Available data
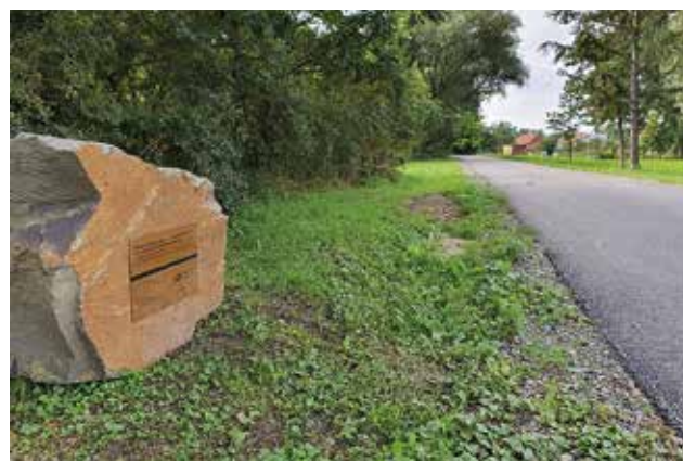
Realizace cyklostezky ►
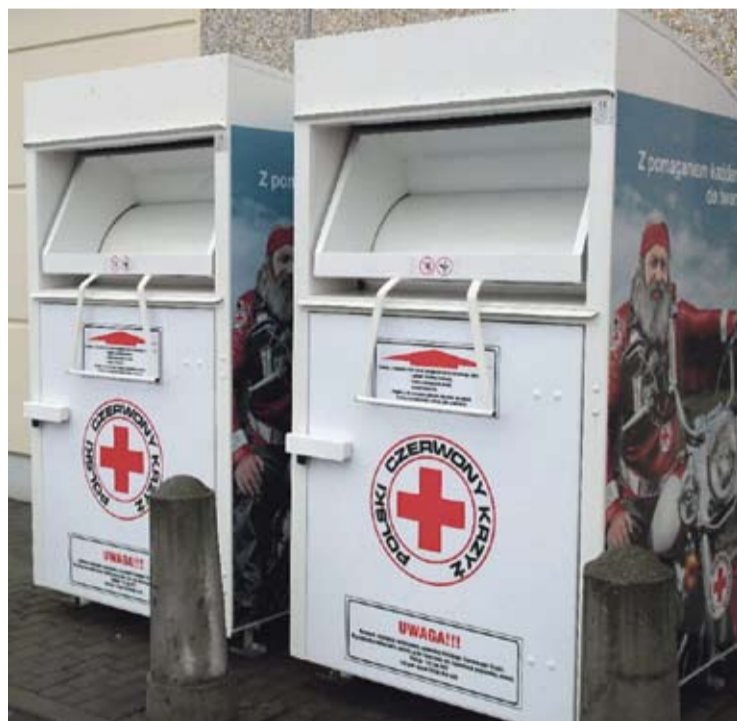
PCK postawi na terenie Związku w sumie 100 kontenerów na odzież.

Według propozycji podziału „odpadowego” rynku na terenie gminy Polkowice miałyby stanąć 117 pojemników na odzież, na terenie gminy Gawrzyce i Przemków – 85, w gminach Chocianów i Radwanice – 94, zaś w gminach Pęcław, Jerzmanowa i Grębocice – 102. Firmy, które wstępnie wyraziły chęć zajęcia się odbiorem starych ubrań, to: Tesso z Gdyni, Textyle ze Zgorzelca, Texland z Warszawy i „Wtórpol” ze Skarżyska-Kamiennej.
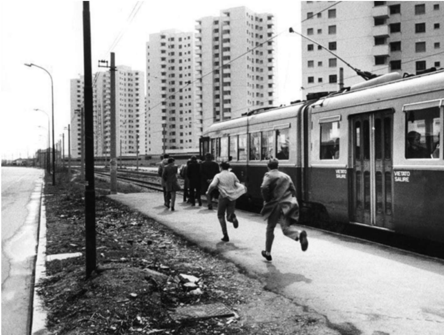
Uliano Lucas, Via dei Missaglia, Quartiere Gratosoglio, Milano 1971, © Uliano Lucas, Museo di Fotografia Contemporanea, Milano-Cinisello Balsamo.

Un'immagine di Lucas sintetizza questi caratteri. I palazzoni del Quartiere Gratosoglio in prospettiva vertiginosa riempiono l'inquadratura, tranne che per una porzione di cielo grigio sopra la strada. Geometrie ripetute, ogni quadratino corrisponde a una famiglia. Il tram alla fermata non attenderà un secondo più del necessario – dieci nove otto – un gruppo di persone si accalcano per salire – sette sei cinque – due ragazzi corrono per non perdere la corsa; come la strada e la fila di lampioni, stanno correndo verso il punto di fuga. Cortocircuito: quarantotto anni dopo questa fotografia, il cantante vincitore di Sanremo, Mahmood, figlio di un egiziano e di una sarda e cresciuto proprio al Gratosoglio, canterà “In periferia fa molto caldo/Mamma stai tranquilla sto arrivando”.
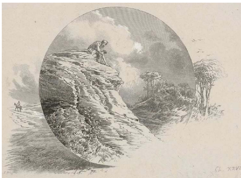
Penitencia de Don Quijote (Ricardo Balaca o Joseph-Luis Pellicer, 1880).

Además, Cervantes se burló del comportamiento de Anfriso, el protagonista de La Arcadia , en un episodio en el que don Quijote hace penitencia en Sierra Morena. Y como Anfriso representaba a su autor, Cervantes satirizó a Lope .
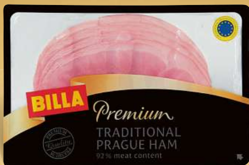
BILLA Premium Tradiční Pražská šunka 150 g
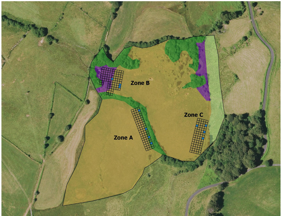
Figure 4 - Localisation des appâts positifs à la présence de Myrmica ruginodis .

Task description
All lines of the records containing "terenie" should be shown.

Answer area
PCK postawi na terenie Związku w sumie 100 kontenerów na odzież.
Według propozycji podziału „odpadowego” rynku na terenie gminy Polkowice miałyby stanąć 117 pojemników na odzież, na terenie gminy Gawrzyce i Przemków – 85, w gminach Chocianów i Radwanice – 94, zaś w gminach Pęcław, Jerzmanowa i Grębocice – 102. Firmy, które wstępnie wyraziły chęć zajęcia się odbiorem starych ubrań, to: Tesso z Gdyni, Textyle ze Zgorzelca, Texland z Warszawy i „Wtórpol” ze Skarżyska-Kamiennej.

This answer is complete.